Exercise: Beneath this line are the data; copy exactly the part of them that opens with the line containing "In 2015 the" and closes with the line containing "No continuity (OFF)", and only that part.

Information:

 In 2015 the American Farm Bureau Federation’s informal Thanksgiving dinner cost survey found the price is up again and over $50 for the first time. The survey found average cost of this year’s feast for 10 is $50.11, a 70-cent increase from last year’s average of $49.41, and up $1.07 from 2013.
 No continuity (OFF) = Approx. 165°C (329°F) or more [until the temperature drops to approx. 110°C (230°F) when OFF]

==

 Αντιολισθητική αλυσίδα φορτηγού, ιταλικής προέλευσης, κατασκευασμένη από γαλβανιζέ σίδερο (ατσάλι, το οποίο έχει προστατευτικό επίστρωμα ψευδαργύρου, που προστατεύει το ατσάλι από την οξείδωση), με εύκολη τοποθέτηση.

* * *

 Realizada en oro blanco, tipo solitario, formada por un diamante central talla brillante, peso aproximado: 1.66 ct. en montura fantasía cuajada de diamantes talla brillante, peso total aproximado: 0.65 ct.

Answer space:
 In 2015 the American Farm Bureau Federation’s informal Thanksgiving dinner cost survey found the price is up again and over $50 for the first time. The survey found average cost of this year’s feast for 10 is $50.11, a 70-cent increase from last year’s average of $49.41, and up $1.07 from 2013.
 No continuity (OFF) = Approx. 165°C (329°F) or more [until the temperature drops to approx. 110°C (230°F) when OFF]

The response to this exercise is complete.